I tend to feel guilty for taking these sorts of media-input breaks, like I’m in avoidance mode. This is an old feeling, and comes from the years in college when I would, in fact, avoid the phone and email so that I could tell my stepfather that I honestly hadn’t been aware of his many and varied attempts to contact me. I would turn the phone’s ringer off and turn down the volume on the answering machine. This was before voice mail, though — I wasn’t able to avoid hearing the cassette tape whir into motion once the recorded greeting started to play, and I couldn’t turn down the tape as it recorded his message to me, sometimes sweet and wheedling, sometimes threatening and angry.
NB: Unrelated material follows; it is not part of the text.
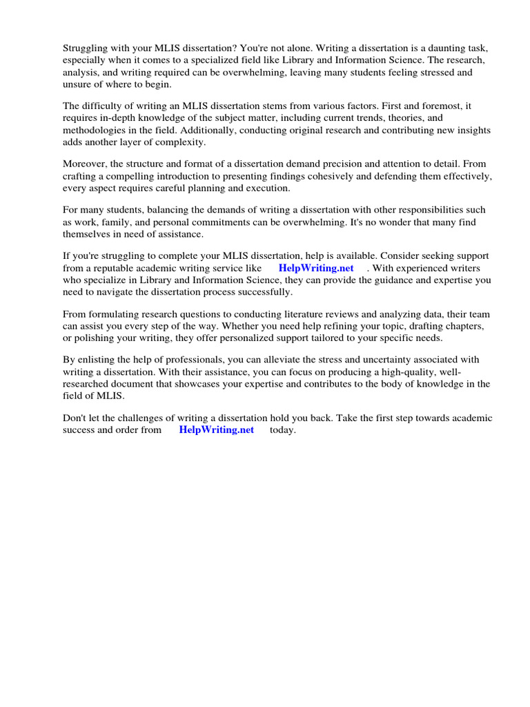If you're struggling to complete your MLIS dissertation, help is available. Consider seeking support

So I’d leave the apartment, wandering the streets of my small college town for hours, holing up in cafes where I wrote and wrote and wrote, always aware of what I was doing: avoiding the phone, not being where my abuser wanted me to be.
In her book World Enough and Time: On Creativity and Slowing Down, Christian McEwen writes: “The practicing artist is, by definition, someone who is able to build a life around his or her own creative work. Inevitably, such a person will have considered his or her attitude to time. What matters is not how much they actually have, but how best to inhabit it and make it spacious: how to allow room in which attention can take root.”
By necessity, during those years, I learned the power of making time for my generative, creative life — even all these years later, though, the powerful and useful practice of taking space from communicative devices can be, for me, tinged with guilt and shame: I internalized the sense that I’m running away from something or someone, that when I make space for my creative self, I am taking something from someone else.
You don’t have to have an abuser telling you that you’re selfish for not being at their beck and call to have this particular lesson take hold: we get this message from our work, our families, our communities — that we are selfish if we say we need time for our art, particularly when the time we need looks to someone outside our own head like time being wasted on a walk in the woods or reading poetry or daydreaming or otherwise creating the sort of open, woolgathering headspace and heartspace necessary for generating creative work.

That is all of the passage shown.